We examined the residuals to assure that the assumptions of linear regression were not violated. We developed three multiple linear regression models to evaluate disease burden as a function of the biopsychosocial factors, demographic characteristics, and the two data-based measures of morbidity. The first model consisted of an assessment of the baseline contribution of the independent variables without including a morbidity index in the model. The second model incorporated the Quan morbidity index, and the third incorporated the CDS. We used both forward selection and backward elimination to determine models with the best fit. Independent variables significant at p ≤ 0.15 in bivariate analyses were considered for inclusion in multivariate models. Once significant predictors were defined, we assessed potential positive or negative confounding by other covariates by adding them each individually to the model and quantifying the change in the regression parameters of the main effects. We also explored two-way interactions between main effects and between the main effects and other independent variables. All analyses were conducted using SAS Version 9.1 (SAS Institute, Cary, NC).
Surveys were completed by 352 HMO members with diabetes, depression, and osteoarthritis as well as other conditions. There were slightly more female than male respondents, half were married, they were predominantly Caucasian, and had relatively low levels of household income. Twelve percent had excellent or very good health status, 38% good, 36% fair, and 14% reported poor health status. On average they had 9.2 chronic medical diseases. Characteristics of respondents are listed in Table 1. The distribution of disease burden scores in the study population is illustrated in Figure 2.

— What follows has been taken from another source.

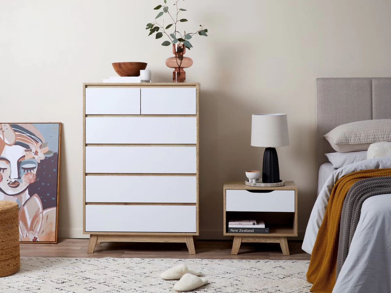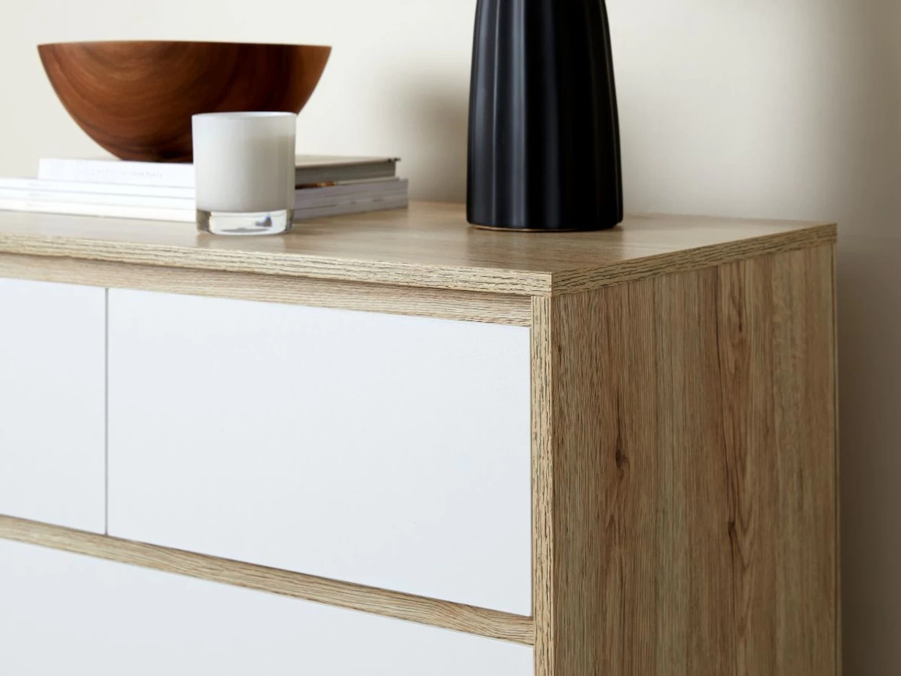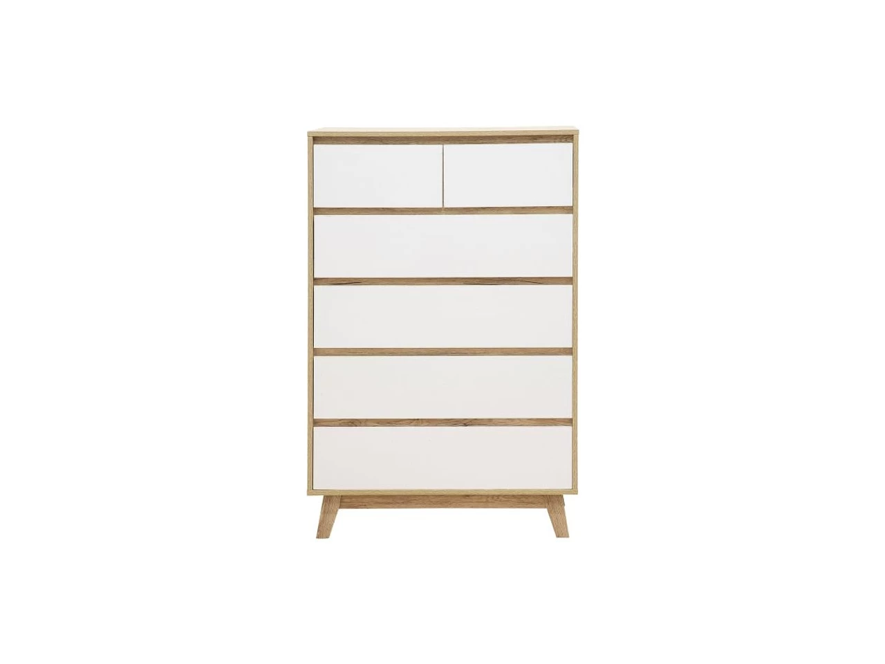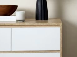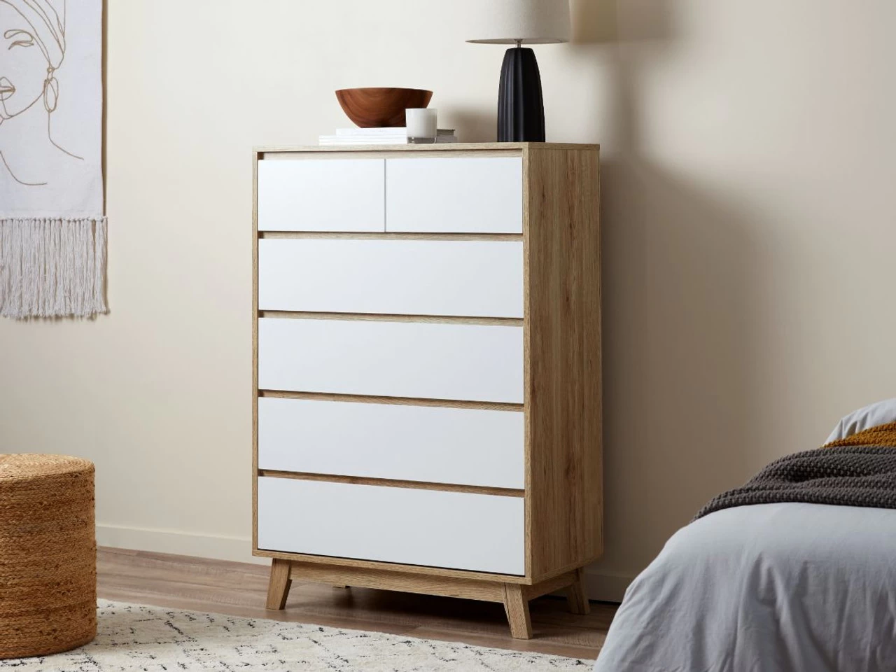 Practical and stylish, the Jesse Tallboy has been made with modern homes in mind. Featuring a warm wood veneer finish that embraces varying tones and wood-grain patterns (and perfectly paired with crisp white drawer fronts), this storage unit brightens a space and gives your home a decidedly beachy vibe. The six drawers are perfect for everything from clothes in the bedroom to freshly laundered linen in a home low on cupboard space. Wonderfully versatile, you can add essential all-purpose storage into your home and a fresh new look all with this singular modern cabinet.

In bivariate analyses, multiple biopsychosocial factors and the Quan and CDS morbidity indices were significantly associated with our measure of disease burden. Table 2 presents these correlations as well as partial correlation coefficients for the association of disease burden with all of the biopsychosocial factors, adjusted for either the Quan morbidity index or the CDS. The partial correlation coefficients did not differ significantly from the unadjusted correlation coefficients indicating that neither data-based morbidity index significantly affected the correlation between the biopsychosocial factors and disease burden.

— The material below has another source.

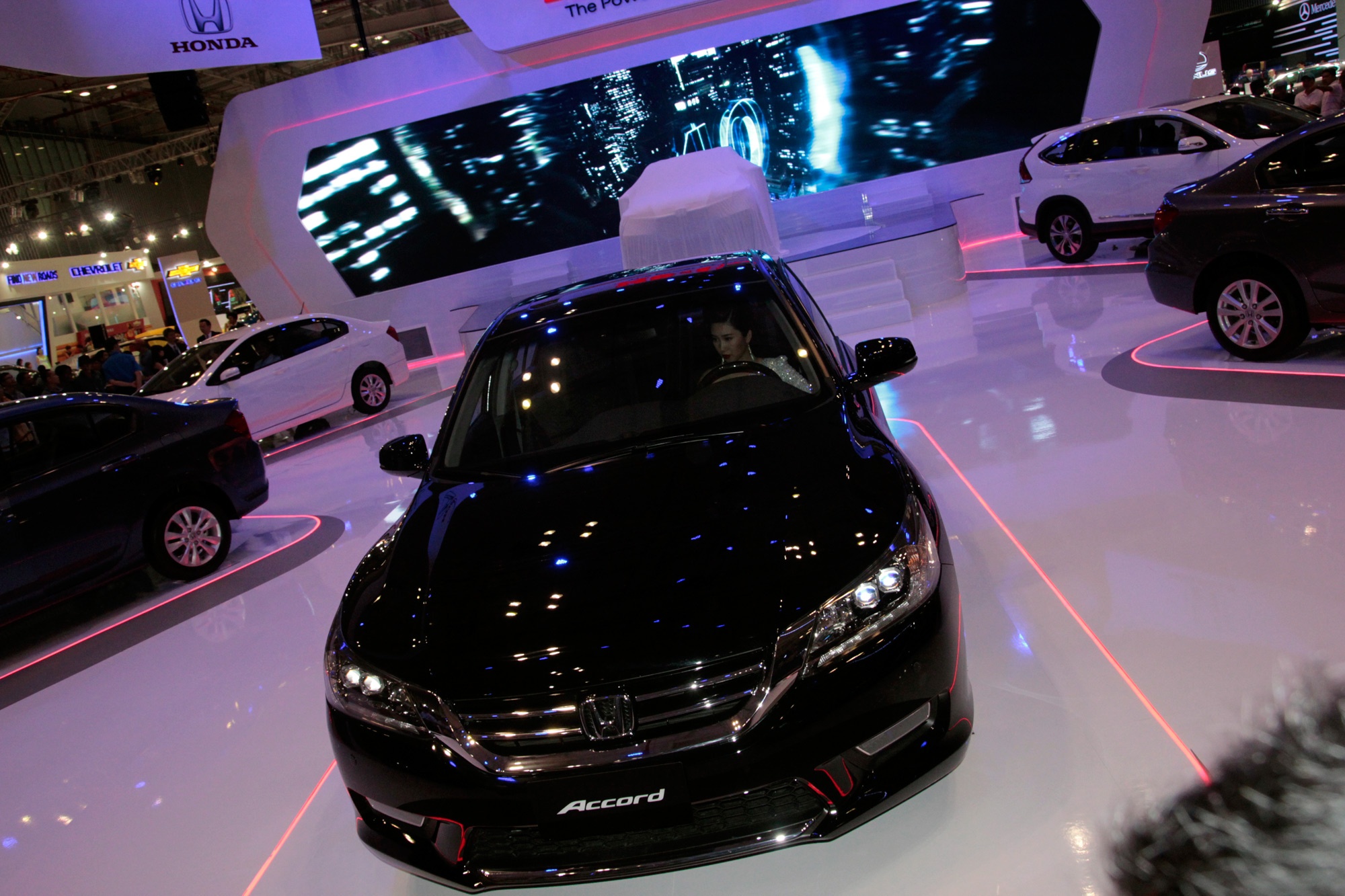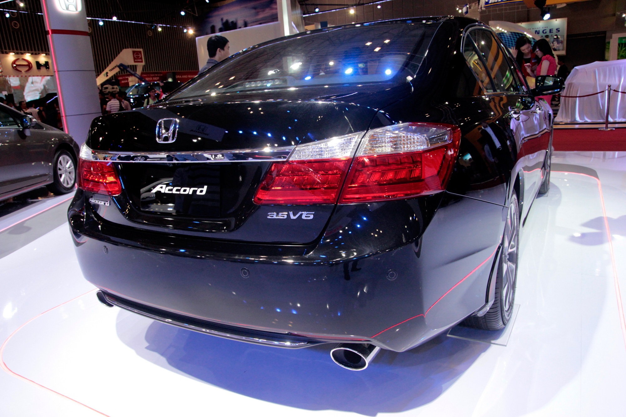 Honda Accord là mẫu sedan cạnh tranh với các mẫu Toyota Camry và Nissan Teana. Tại triển lãm năm nay, Honda Việt Nam mang đến chiếc Accord 2013 với động cơ V6 3,5 lít. Đây là mẫu Accord đầu tiên trang bị động cơ Earth Dream mới.

In multivariate analyses five biopsychosocial factors and the pharmacy-based (CDS) morbidity score contributed differentially to the three regression models. In order to determine the relative associations of each of the independent variables with disease burden, we calculated the standardized regression coefficients in addition to the parameter estimates. These show the change in outcome for a change in one standard deviation of the independent variable. The models with the best goodness-of-fit (as determined by R2) can be seen in Table 3.

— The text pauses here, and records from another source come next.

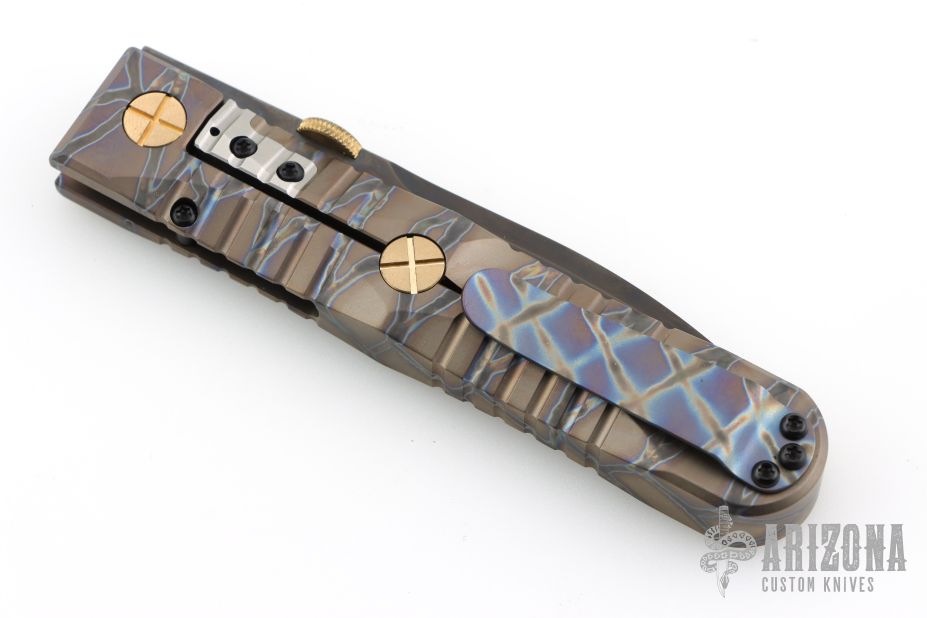 • Handle: Integral titanium handle (one piece handle) - 4 3/4" length x 7/8" wide - Tiger Stripe finish
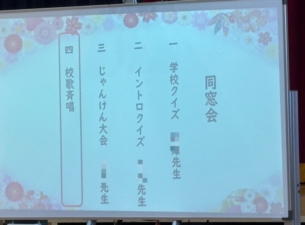 同窓会では、「イントロクイズ」「校長先生とじゃんけん大会」が行われ、楽しいひと時を過ごしました。
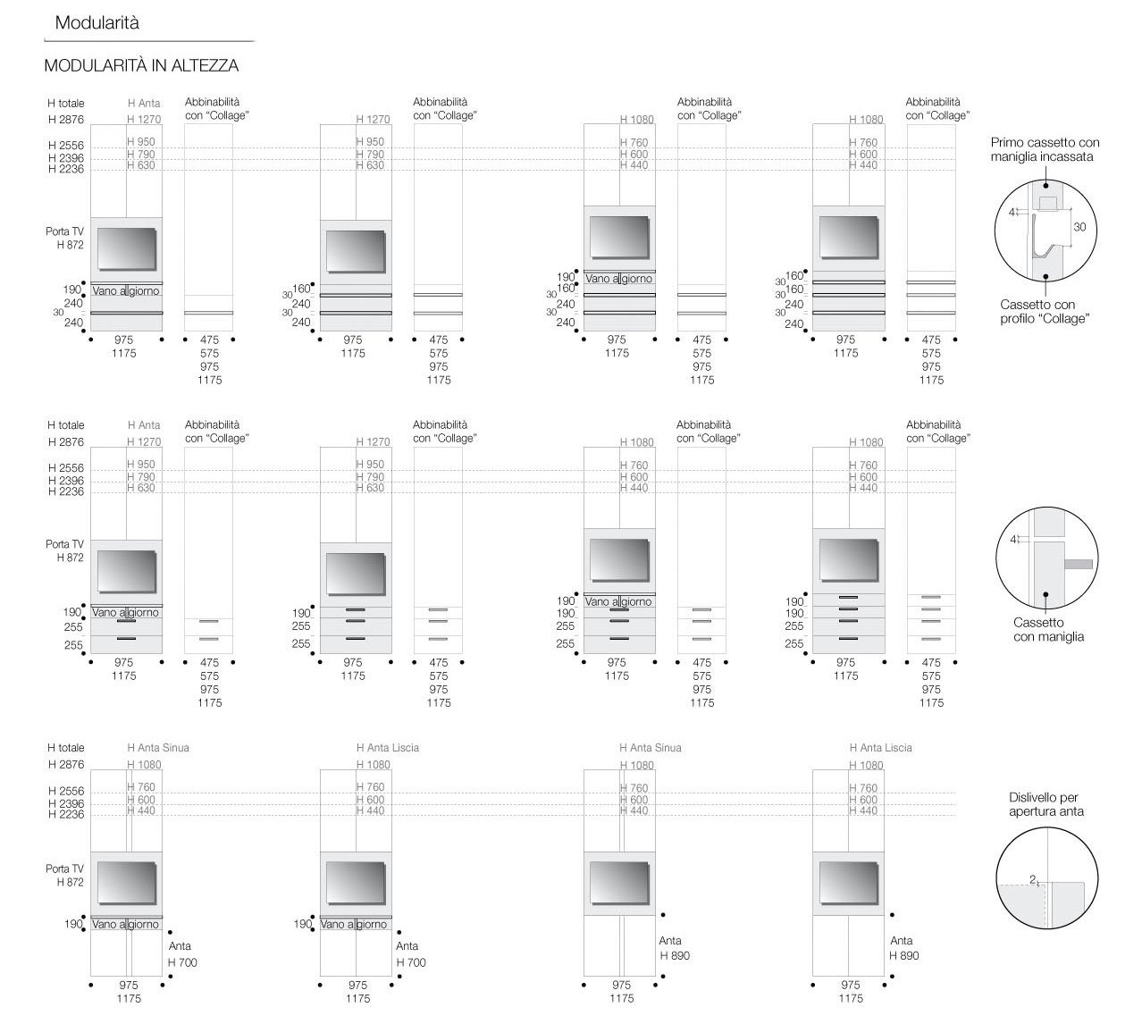 Scopri i materiali e i colori degli interni, degli esterni e i particolari per questo modello della Linea Armadi Confalone.

In the baseline model in which the other morbidity indices were not included, age and compound effects of conditions, along with self-efficacy (confidence in managing one's medical conditions), financial constraints, and physical functioning, were significantly associated with disease burden. Adding the Quan morbidity index (model 2) did not significantly change these multivariate associations and the Quan itself was not significantly associated with the outcome of disease burden. The CDS was significantly associated with subjective disease burden. However, incorporating this score (model 3) did not appreciably increase the R-square value over baseline. The variables of physical functioning, financial constraints, self-efficacy, and compound effects of conditions were consistently associated with disease burden regardless of whether the data-based morbidity indices were in the models.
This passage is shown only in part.